» **Provided data**

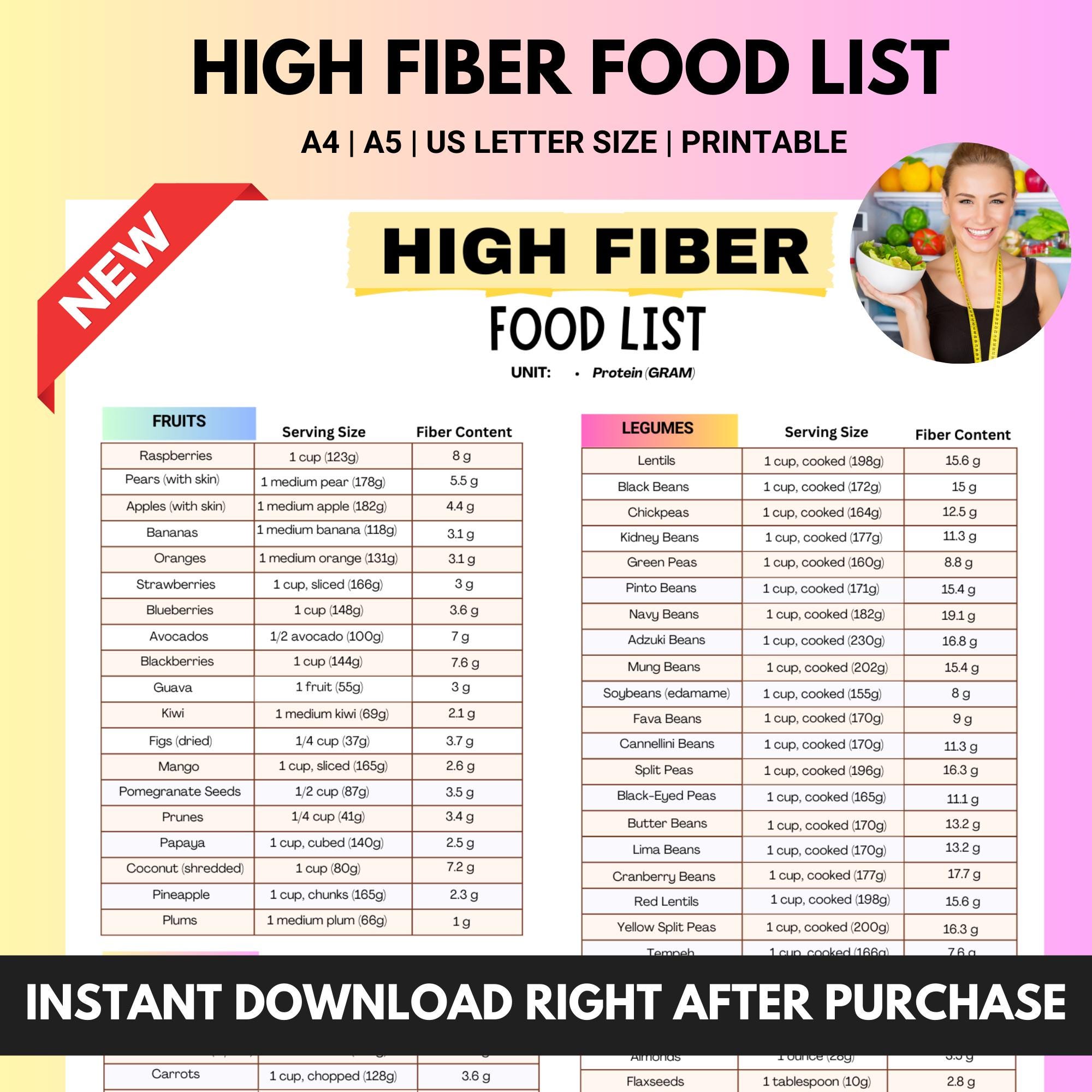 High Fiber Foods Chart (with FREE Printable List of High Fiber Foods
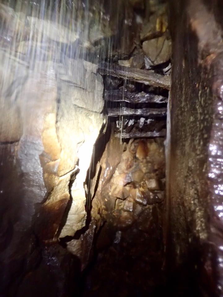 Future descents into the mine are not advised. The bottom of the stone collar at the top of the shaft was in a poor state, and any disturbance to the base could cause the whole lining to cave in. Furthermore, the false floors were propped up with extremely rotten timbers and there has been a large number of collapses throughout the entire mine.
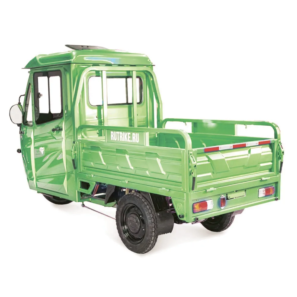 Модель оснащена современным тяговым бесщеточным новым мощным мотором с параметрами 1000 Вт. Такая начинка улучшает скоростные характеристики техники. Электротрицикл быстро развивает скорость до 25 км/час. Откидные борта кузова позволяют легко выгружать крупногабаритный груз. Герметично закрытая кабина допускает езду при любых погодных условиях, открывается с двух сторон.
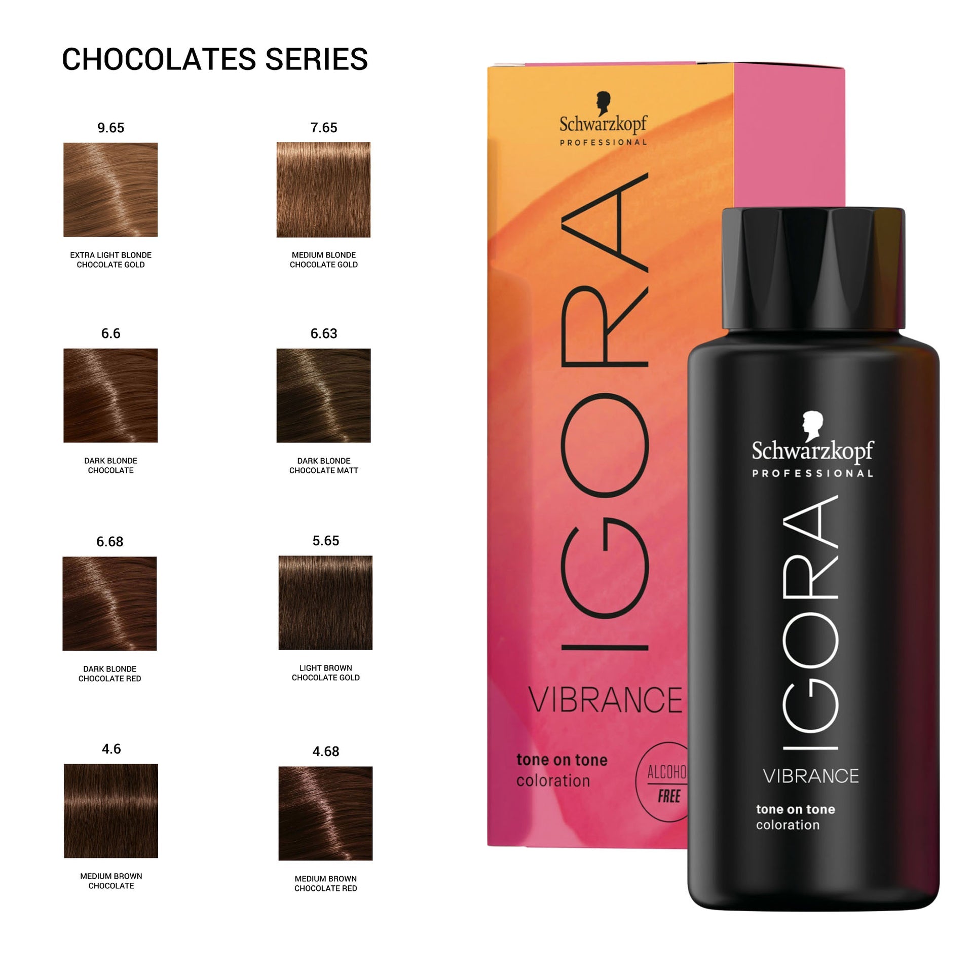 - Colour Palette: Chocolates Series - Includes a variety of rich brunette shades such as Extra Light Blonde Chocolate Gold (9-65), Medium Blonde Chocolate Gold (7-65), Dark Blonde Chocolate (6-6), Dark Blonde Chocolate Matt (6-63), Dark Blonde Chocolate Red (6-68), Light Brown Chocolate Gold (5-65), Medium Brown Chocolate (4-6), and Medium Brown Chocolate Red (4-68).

» **About this task**
Would you copy out all the data exactly, without the images?

» **Solution for this task**
 High Fiber Foods Chart (with FREE Printable List of High Fiber Foods
 Future descents into the mine are not advised. The bottom of the stone collar at the top of the shaft was in a poor state, and any disturbance to the base could cause the whole lining to cave in. Furthermore, the false floors were propped up with extremely rotten timbers and there has been a large number of collapses throughout the entire mine.
 Модель оснащена современным тяговым бесщеточным новым мощным мотором с параметрами 1000 Вт. Такая начинка улучшает скоростные характеристики техники. Электротрицикл быстро развивает скорость до 25 км/час. Откидные борта кузова позволяют легко выгружать крупногабаритный груз. Герметично закрытая кабина допускает езду при любых погодных условиях, открывается с двух сторон.
 - Colour Palette: Chocolates Series - Includes a variety of rich brunette shades such as Extra Light Blonde Chocolate Gold (9-65), Medium Blonde Chocolate Gold (7-65), Dark Blonde Chocolate (6-6), Dark Blonde Chocolate Matt (6-63), Dark Blonde Chocolate Red (6-68), Light Brown Chocolate Gold (5-65), Medium Brown Chocolate (4-6), and Medium Brown Chocolate Red (4-68).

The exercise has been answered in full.